> **Exercise description**
Only the lines below from the one containing "2x Houten kar + 2x houten kastje" through the one containing "1girl, adult, small" belong in the answer, repeated exactly and without pictures.

(Dataset entries)

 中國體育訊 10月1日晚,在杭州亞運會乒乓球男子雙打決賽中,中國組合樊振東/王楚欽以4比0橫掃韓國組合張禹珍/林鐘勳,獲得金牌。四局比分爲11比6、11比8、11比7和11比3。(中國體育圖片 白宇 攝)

(End Dataset entries)
(Dataset entries)

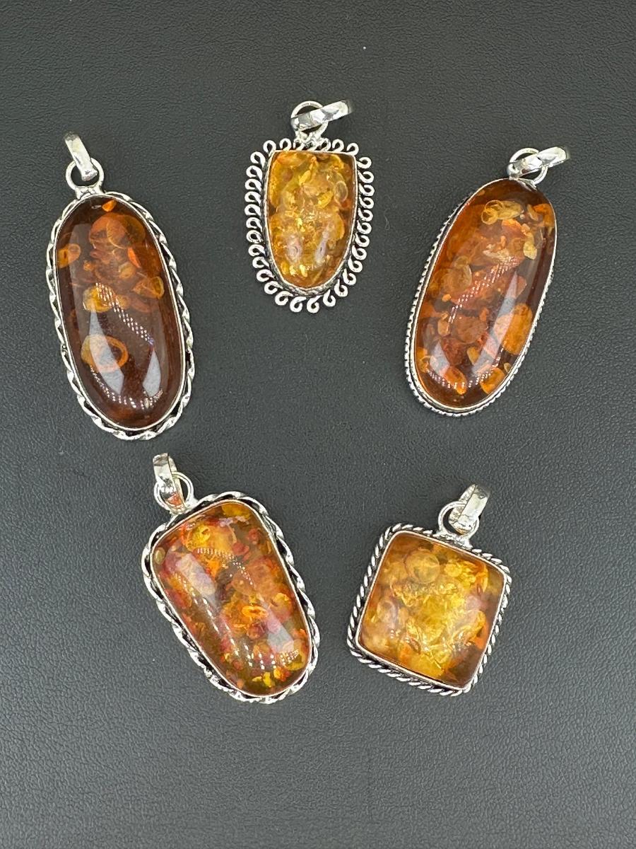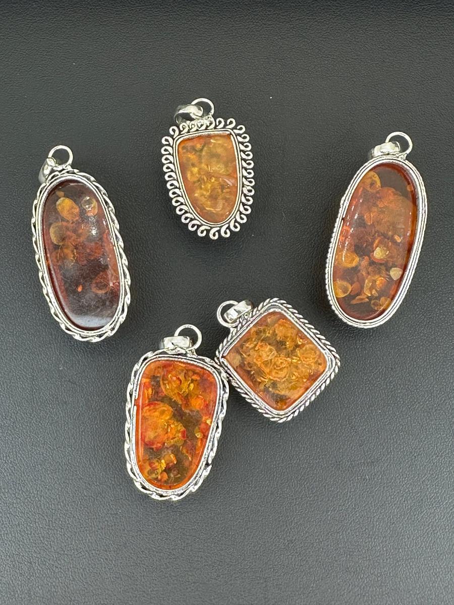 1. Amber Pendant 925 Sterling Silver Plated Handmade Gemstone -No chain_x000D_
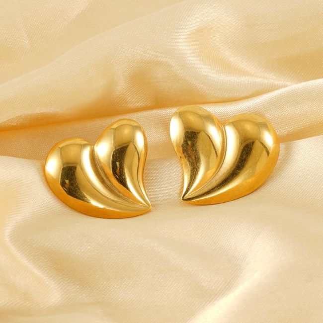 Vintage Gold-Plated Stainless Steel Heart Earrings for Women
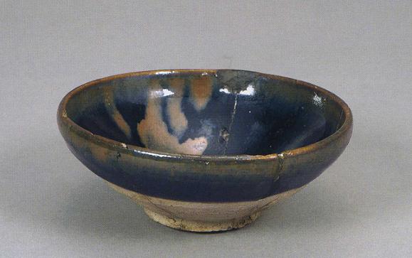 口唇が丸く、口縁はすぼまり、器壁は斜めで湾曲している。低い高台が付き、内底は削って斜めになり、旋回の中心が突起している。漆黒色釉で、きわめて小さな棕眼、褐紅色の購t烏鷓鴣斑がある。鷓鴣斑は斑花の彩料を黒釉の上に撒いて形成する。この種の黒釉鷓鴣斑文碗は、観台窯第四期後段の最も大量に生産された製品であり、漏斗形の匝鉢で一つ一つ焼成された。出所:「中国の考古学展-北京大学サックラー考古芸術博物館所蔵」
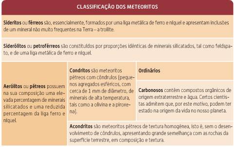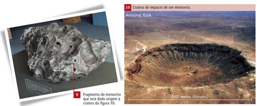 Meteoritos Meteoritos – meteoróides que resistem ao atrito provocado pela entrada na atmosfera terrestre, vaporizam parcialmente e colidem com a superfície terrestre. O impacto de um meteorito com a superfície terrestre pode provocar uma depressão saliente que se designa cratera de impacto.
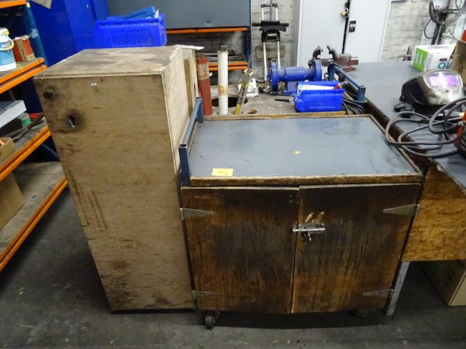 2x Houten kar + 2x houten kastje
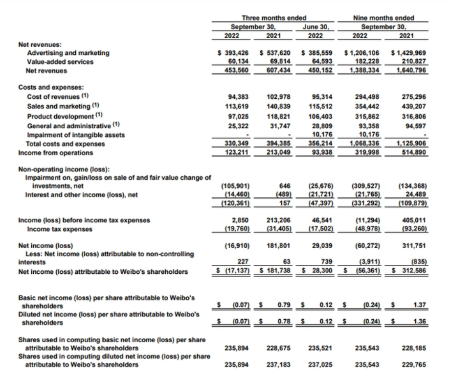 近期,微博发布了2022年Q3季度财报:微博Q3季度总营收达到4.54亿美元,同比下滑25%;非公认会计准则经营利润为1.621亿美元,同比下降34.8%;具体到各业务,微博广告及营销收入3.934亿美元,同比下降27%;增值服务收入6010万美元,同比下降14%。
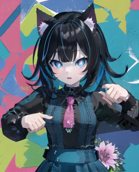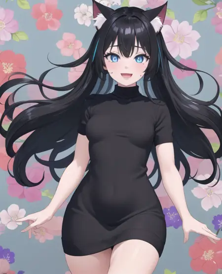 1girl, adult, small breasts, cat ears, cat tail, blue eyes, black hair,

(End Dataset entries)

> **Solution for this task**
 2x Houten kar + 2x houten kastje
 近期,微博发布了2022年Q3季度财报:微博Q3季度总营收达到4.54亿美元,同比下滑25%;非公认会计准则经营利润为1.621亿美元,同比下降34.8%;具体到各业务,微博广告及营销收入3.934亿美元,同比下降27%;增值服务收入6010万美元,同比下降14%。
 1girl, adult, small breasts, cat ears, cat tail, blue eyes, black hair,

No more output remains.